Olumide Okubadejo: Ask Me Anything
This event will take place at 1800, GMT+2
Bring your industry questions for Spotify’s Olumide Okubadejo in this informal discussion, covering moving research into production, industry scale vs. academic scale, and moving between the two worlds.
Olumide Okubadejo was born and raised in Nigeria. The musical nature of the family he was born in and the streets he was raised in instilled in him early, a penchant for music. This appreciation for music led to him to play the drum in his local community by the age of 9. He later went on to learn to play the piano and the guitar by the age of 15. He studied for his undergraduate degree at FUTMinna, Nigeria, earning a Bachelor of Engineering degree in Electrical and Computer Engineering. He proceeded to University of Southampton, where he earned a masters degree in Artificial intelligence and then France where he earned a PhD. Since then he has focused his research around Machine learning for sound and music. These days, with Spotify, he researches and focuses on assisted music creation using machine learning.
Cory McKay: What can MIR teach us about music? What can music teach us in MIR?
This event will take place at 1300, GMT-4
Part of MIR’s richness is that it brings together experts in diverse fields, from both academia and industry, and gets us to think about music together. However, there is perhaps an increasingly tendency to segment MIR into discrete, narrowly defined problems, and to attempt to address them largely by grinding huge, noisy datasets, often with the goal of eventually accomplishing something with commercial applications.
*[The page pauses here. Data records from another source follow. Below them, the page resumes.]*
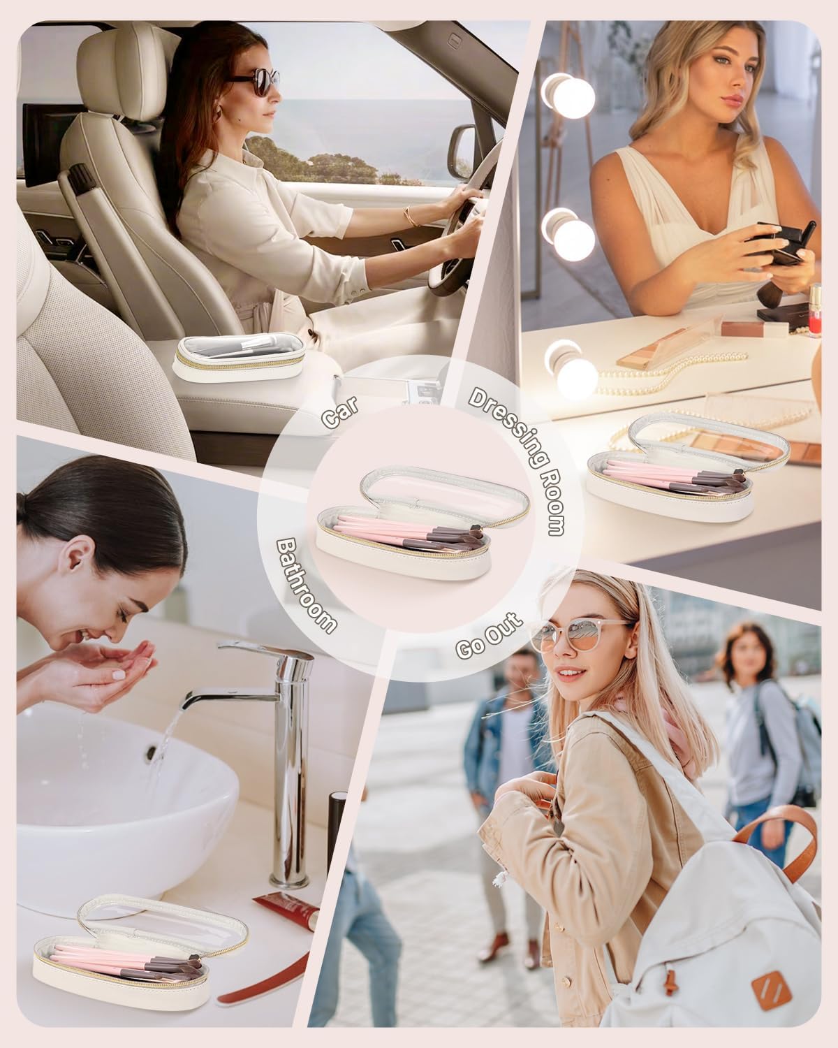 Clear Travel Makeup Brush Holder, Leather Makeup Brush Toiletry Bag, Portable Cosmetic Brush Case, Transparent Waterproof Makeup Brush Storage Bag, White, Large
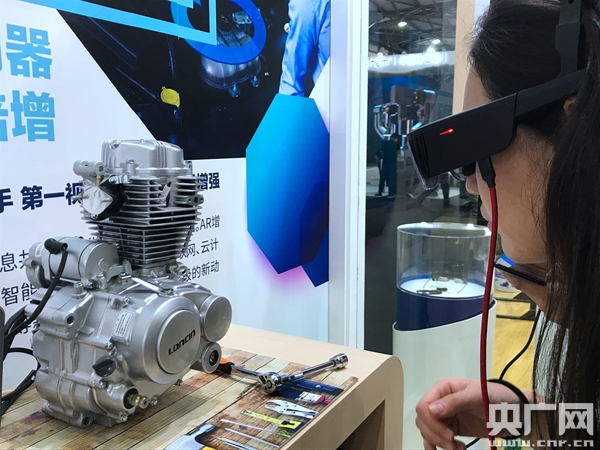 在亮風臺公司的展臺前,一個摩托車發動機格外引人注目。現場工作人員任崇斌介紹,維修人員工作時戴上亮風臺AR眼鏡,摩托車發動機的產品信息、零部件結構就能清晰地疊加在現實場景之上。“我們可以在現實中疊加顯示它的內部結構和工作原理,可以選擇各個模塊讓它告訴我們每個零部件的名字。如果在維修的過程中遇到了問題,可以申請遠程協助。這些全都是戴著眼鏡在操作,可以達到解放雙手的目的。”
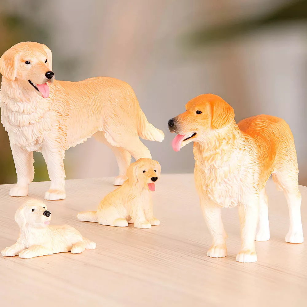 These plastic dogs are great companions for a dog lovers and collectors of miniature figurines. Lovingly created with accurate and realistic details, the small golden retriever figurines stand on their own paws and stick out their tongues like the real animals.
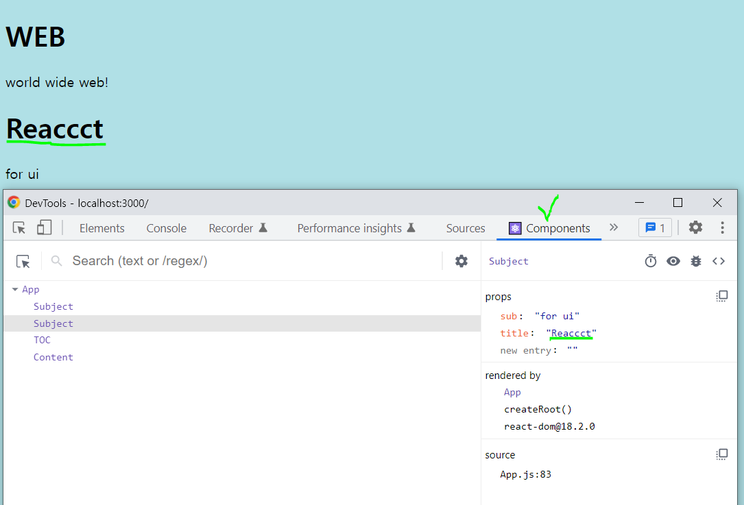 개발자 도구에서 리액트 컴포넌트 확인 가능, 임시 수정 가능

While all of this is certainly valuable, and much good has come from it, there has been an accompanying movement away from introspective thought about music, from investigating fundamental questions about what music is intrinsically, and how and why people create, consume and are changed by it. The goals of this workshop are to discuss how we can use the diverse expertise of the MIR community to do better in addressing foundational music research, and how we can reinforce and expand collaborations with other research communities.
Cory McKay is a professor of music and humanities at Marianopolis College and a member of the Centre for Interdisciplinary Research in Music Media and Technology in Montréal, Canada. His multidisciplinary background in information science, jazz, physics and sound recording has helped him publish research in a diverse range of music-related fields, including multimodal work involving symbolic music representations, audio, text and mined cultural data. He received his Ph.D., M.A. and B.Sc. from McGill University, completed a second bachelor’s degree at the University of Guelph, and did a postdoc at the University of Waikato. He is the primary designer of the jMIR software framework for performing multimodal music information retrieval research, which includes the jSymbolic framework for extracting musical features from digital scores, and also serves as music director of the Marianopolis Laptop Computer Orchestra (MLOrk).